Life
is a Devil's Bargain: Cancer or Aging
By
Ker
Than
LiveScience Staff Writer
Deterioration
of body and mind are the prices our bodies pay for
protection against
cancer
as we grow older, new studies suggest.
Scientists have discovered that a gene
involved in tumor suppression also plays an important
role in determining when certain cells in the body
cease multiplying and
start
deteriorating. As cells age, the gene,
called p16INK4a, becomes more active. The cells
have greater protection against cancer but lose
the ability to divide. Cells that don't divide die
off and are not replaced.
The studies, detailed together in the Sept. 7 issue
of the journal Nature, suggest the physical and
mental
ravages that accompany aging
are not the result of simple wear and tear of the
body, but of a cellular decline that is programmed
into our genes-one designed to safeguard us against
copying mistakes that become more frequent as we
grow older.
"This research tells us why our old tissues
have less regenerative capacity than young tissues,"
said Sean Morrison of the University of Michigan,
who was involved in one of the studies. "It's
not that old tissues wear out-they're actively shutting
themselves down, probably to avoid turning into
cancer cells."
No free lunch
Research teams from three medical schools examined
the role of p16INK4a in cells collected from different
parts of the body in mice.
One team, from the University of North Carolina
(UNC) at Chapel Hill, looked at the gene's role
in pancreatic islet cells, which produce and secrete
the hormone insulin
and which are defective in persons with Type 1 diabetes.
Another team from the University of Michigan examined
brain stem cells while a third, from
Harvard University, looked at p16INK4a in blood
stem cells.
All three studies found similar results: as animals
got older, p16INK4a activity increased and the cells
eventually stopped dividing.

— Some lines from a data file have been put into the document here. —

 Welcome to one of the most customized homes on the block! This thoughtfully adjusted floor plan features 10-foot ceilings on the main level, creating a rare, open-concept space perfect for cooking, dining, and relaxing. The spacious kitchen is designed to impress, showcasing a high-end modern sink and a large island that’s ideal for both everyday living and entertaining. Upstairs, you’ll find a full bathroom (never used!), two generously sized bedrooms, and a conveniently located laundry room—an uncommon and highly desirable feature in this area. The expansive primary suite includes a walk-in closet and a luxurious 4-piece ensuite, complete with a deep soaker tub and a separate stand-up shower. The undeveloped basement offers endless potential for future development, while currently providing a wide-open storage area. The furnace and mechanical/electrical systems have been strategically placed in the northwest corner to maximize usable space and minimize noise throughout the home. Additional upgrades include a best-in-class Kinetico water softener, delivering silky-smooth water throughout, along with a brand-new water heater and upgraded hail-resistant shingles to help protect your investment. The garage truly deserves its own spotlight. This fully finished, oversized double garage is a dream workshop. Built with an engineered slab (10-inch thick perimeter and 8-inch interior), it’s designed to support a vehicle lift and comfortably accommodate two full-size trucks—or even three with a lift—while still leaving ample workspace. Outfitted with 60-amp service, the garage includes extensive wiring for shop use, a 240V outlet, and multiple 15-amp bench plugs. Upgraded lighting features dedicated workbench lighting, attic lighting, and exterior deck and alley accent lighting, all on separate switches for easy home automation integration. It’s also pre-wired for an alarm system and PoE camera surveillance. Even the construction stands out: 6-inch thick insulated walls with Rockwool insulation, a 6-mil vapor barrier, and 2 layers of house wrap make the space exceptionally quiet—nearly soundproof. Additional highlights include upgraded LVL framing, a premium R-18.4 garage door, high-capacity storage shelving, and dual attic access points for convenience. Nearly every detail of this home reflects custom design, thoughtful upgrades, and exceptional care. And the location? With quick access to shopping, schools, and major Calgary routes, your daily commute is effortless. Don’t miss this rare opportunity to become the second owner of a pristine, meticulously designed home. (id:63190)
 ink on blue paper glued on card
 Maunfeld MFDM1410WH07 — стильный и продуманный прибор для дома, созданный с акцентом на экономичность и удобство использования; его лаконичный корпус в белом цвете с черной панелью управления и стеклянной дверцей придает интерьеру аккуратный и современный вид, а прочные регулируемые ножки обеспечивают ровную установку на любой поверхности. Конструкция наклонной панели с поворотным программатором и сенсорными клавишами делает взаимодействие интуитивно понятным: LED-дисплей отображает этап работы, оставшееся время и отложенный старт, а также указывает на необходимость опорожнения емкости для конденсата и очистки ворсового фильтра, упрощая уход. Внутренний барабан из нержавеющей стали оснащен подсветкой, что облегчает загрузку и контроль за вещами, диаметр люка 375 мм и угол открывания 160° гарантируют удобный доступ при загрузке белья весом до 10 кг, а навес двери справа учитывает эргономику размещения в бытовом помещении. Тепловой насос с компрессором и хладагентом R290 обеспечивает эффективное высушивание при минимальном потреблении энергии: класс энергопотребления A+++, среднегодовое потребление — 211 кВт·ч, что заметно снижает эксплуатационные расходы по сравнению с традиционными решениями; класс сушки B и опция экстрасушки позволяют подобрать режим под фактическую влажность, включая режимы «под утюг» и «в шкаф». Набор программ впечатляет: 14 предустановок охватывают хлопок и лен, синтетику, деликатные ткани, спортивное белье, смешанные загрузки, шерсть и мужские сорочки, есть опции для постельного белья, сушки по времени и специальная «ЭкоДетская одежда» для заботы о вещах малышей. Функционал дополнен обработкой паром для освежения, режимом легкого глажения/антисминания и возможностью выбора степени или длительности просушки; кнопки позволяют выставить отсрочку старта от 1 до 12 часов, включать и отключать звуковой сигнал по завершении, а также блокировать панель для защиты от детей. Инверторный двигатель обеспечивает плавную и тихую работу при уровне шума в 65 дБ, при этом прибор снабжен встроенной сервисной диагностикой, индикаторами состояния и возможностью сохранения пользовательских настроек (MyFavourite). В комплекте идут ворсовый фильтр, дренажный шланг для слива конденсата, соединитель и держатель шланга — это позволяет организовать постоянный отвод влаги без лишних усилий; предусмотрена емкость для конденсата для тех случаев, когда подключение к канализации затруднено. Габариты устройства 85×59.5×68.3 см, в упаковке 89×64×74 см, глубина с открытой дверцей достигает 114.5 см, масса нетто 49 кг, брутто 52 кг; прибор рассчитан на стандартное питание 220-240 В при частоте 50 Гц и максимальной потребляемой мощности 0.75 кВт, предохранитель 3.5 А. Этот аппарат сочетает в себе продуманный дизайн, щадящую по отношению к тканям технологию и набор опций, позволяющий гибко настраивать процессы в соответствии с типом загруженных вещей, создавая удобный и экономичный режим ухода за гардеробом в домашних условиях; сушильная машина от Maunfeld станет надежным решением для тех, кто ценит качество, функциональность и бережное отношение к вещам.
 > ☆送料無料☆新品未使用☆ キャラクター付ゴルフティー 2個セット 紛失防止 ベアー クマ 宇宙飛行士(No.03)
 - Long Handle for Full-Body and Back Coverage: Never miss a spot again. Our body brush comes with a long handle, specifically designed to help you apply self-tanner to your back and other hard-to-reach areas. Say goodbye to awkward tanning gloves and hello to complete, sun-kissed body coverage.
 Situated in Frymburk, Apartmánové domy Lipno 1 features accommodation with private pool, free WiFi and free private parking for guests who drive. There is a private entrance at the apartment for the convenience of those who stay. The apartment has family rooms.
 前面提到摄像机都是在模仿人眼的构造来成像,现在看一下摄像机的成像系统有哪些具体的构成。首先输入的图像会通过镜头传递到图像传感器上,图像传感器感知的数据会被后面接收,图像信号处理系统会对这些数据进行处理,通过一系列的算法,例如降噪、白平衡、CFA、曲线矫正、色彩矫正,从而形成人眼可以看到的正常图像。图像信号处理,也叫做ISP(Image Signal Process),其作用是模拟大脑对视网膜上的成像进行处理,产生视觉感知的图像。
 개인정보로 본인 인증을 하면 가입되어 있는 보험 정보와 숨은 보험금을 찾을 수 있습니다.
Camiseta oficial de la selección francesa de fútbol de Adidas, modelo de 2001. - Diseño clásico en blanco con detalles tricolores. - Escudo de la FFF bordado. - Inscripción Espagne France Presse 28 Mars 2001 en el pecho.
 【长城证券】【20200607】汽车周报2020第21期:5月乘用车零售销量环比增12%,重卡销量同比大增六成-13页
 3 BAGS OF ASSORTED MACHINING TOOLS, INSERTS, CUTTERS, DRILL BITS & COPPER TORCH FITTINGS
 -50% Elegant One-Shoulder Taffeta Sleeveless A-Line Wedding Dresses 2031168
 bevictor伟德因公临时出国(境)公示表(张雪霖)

Cells in mice deficient
in the gene continued to divide but were more likely
to turn cancerous, while cells in animals with over-expression
of the gene stopped dividing earlier and aged prematurely.
The experiments also showed that cells taken from
old animals remember their "age" and continue
to deteriorate at their previous rate even when
transplanted into young animals.
This last finding raises new questions about the
usefulness of adult
stem cells in tissue and organ repair
compared to embryonic
stem cells.
Fresh debate
The use of embryonic stem cells in medical
research is currently a topic of
fierce
debate because harvesting the cells destroys
developing embryos. As an alternative,
some scientists are trying to use stem cells taken
from adults and grow them into tissues in the lab;
the new cells could then be reintroduced into the
patient's body to replace failing tissues or organs.
"I think this data undermines that notion,"
said Norman Sharpless, a researcher at the University
of North Carolina (UNC) at Chapel Hill who was involved
in all three studies. "It shows that even these
[adult] stem cells, which have the properties of
self-renewal, are not limitless in their capacity
to regenerate themselves. There are tumor-suppression
mechanisms that limit their longevity."
Not all of the researchers agree. Morrison, the
University of Michigan researcher, doesn't think
the findings will have a drastic impact on how doctors
use stem cells.
"I don't think this is a reason to say that
embryonic stem cells are more valuable that adult
stem cells," he said in a telephone interview.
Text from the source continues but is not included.